Unlike equity trading, where only a limited number of equities are available for trading in the market, ETFs have no such limitation.
Creation and Redemption
ETFs have a unique “Creation & Redemption” procedure whereby market makers and authorised participants can create and redeem fund units at any time directly with the fund, thus ensuring that there is always a balance in the market between supply and demand for units. If demand outpaces supply, the market maker will create new units and, conversely, if selling pressure on the ETF is greater than demand, the units can be redeemed with the fund.
In exchange, as payment for the new units, the underlying basket of securities is provided to the fund. When redeeming units, the fund returns the underlying basket for the corresponding value of the units redeemed.
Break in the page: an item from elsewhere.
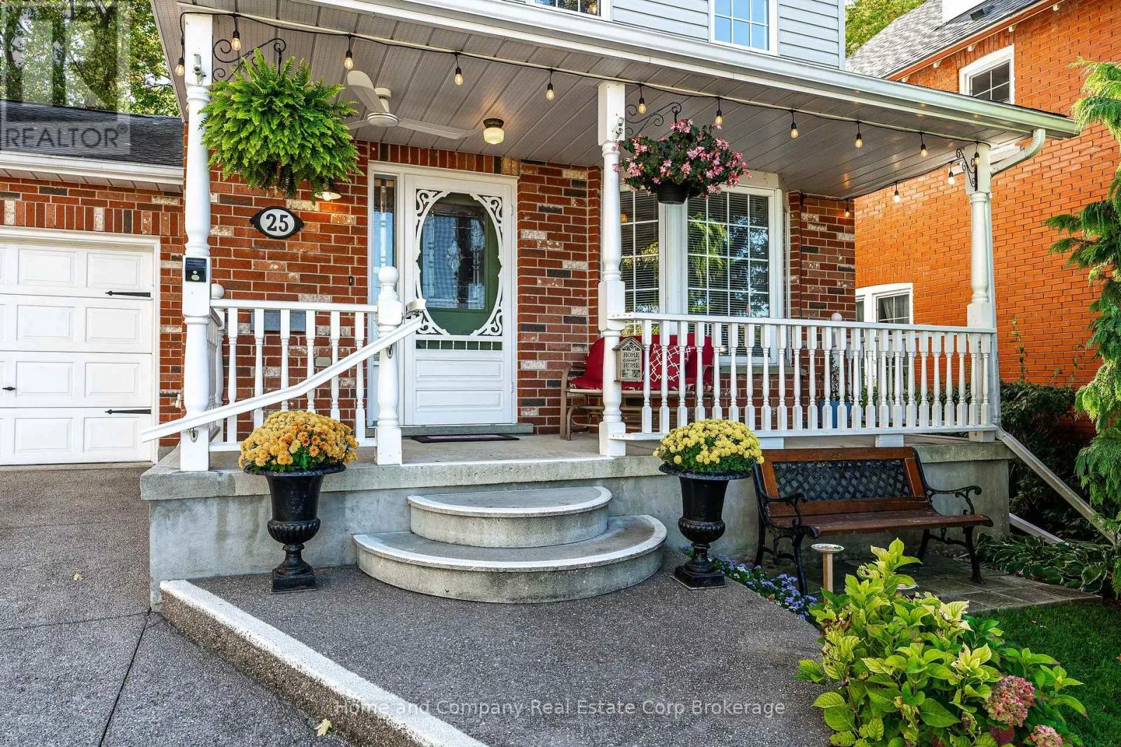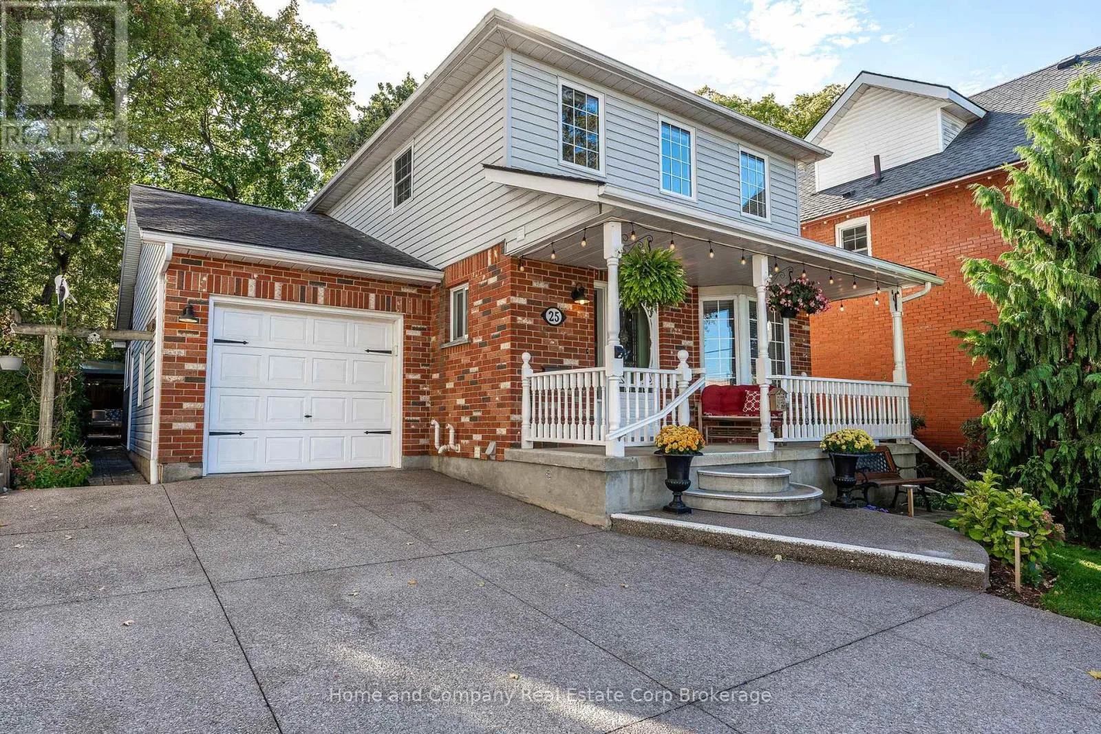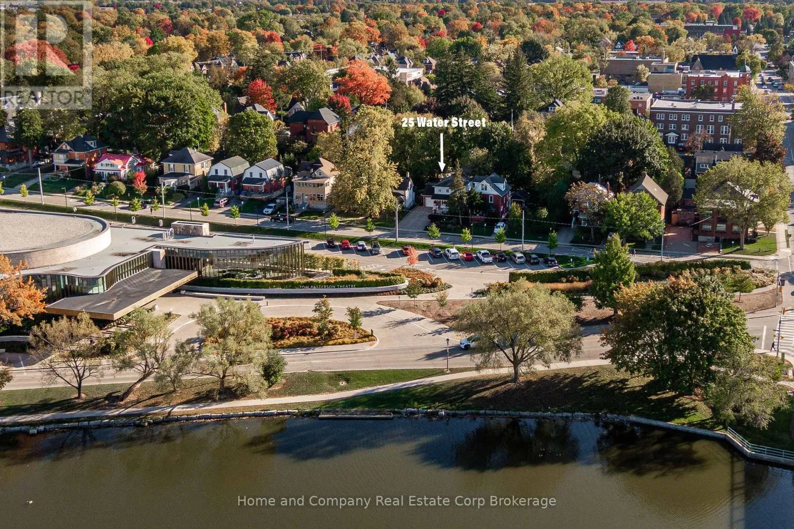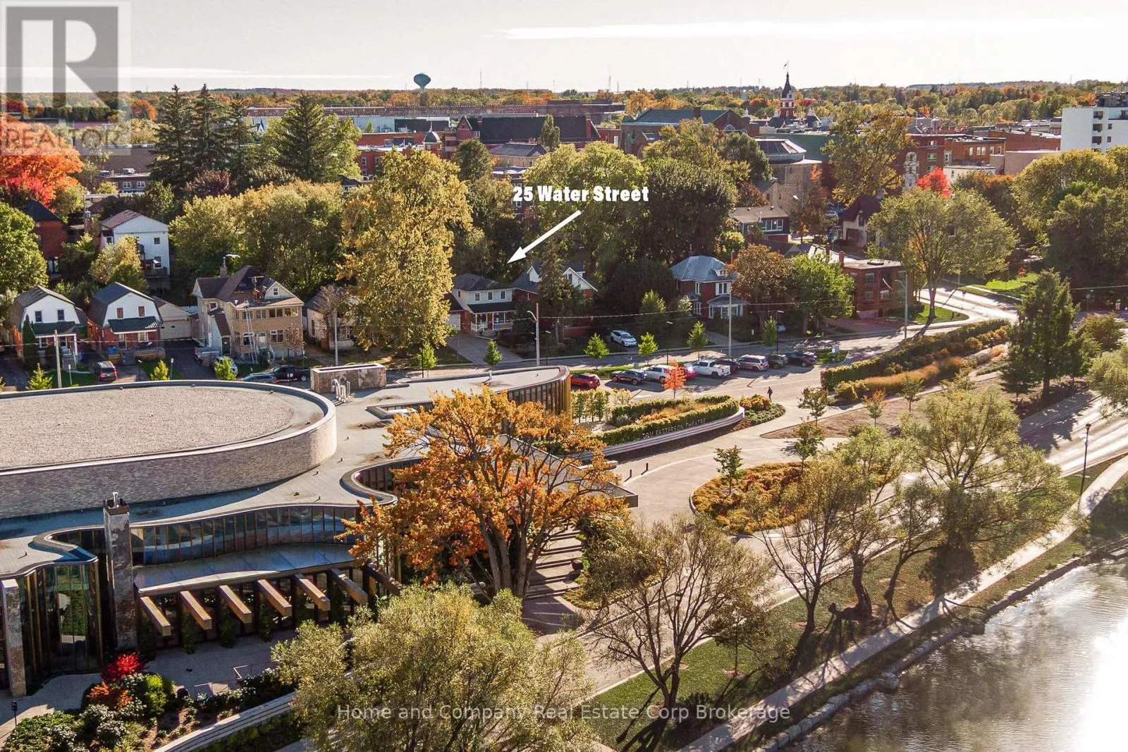 Cross Streets: Waterloo St. ** Directions: East on Water St from Waterloo St. Welcome to 25 Water Street, perfectly situated just steps from Stratford's beautiful Avon River and directly across from the world-renowned Tom Patterson Theatre. Formerly known as The Harrington House Bed and Breakfast, this well-appointed 5-bedroom, 4.5-bath home, built in 1995, now serves as a stunning residential property - ideal for families, entertainers, or those dreaming of a live/work opportunity in one of Stratford's most sought-after locations. The property features an extra deep single-car attached garage with four convenient entry points and ample space for a small workshop or storage, along with comfortable parking for up to six cars in the driveway, a rare find in this desirable downtown setting. Inside, a welcoming sitting room with serene river views offers a flexible space for an office or guest room, while across the foyer, a recently updated powder room adds a stylish touch. The open-concept kitchen and dining area form the heart of the home, perfect for gatherings and entertaining. The adjoining living room features tall ceilings, skylights, and large windows that flood the space with natural light. A versatile flex room, located beside the living area, offers even more possibilities, serving as a family room, home office, or space for a small business, with direct access to both the garage and the private backyard. Upstairs, three spacious bedrooms include two with ensuites, plus an additional full bath. The primary suite showcases peaceful river views and a beautifully updated ensuite retreat. The finished lower level offers a guest suite complete with a bedroom, 4-piece bath, walk-in closet, and rec room-ideal for extended family or host living quarters. Outside, the low-maintenance backyard has a private courtyard feel with a covered gazebo and garden shed for added workspace and storage. A rare opportunity in the heart of Stratford's downtown core, just steps from boutique shopping, fine dining, scenic river walks, and world-class theatre. (id:27476)

Because of the ability to create and redeem units in the underlying basket, it is the liquidity of the underlying assets that determines the liquidity of the ETF. The extent to which an authorised participant can execute transactions in the underlying securities without “moving the market” is a good indication of the size of the trading volume in the ETF that would affect its value. Since most ETFs invest in highly liquid securities, these ETFs are actually much more liquid than turnover in the ETF itself shows.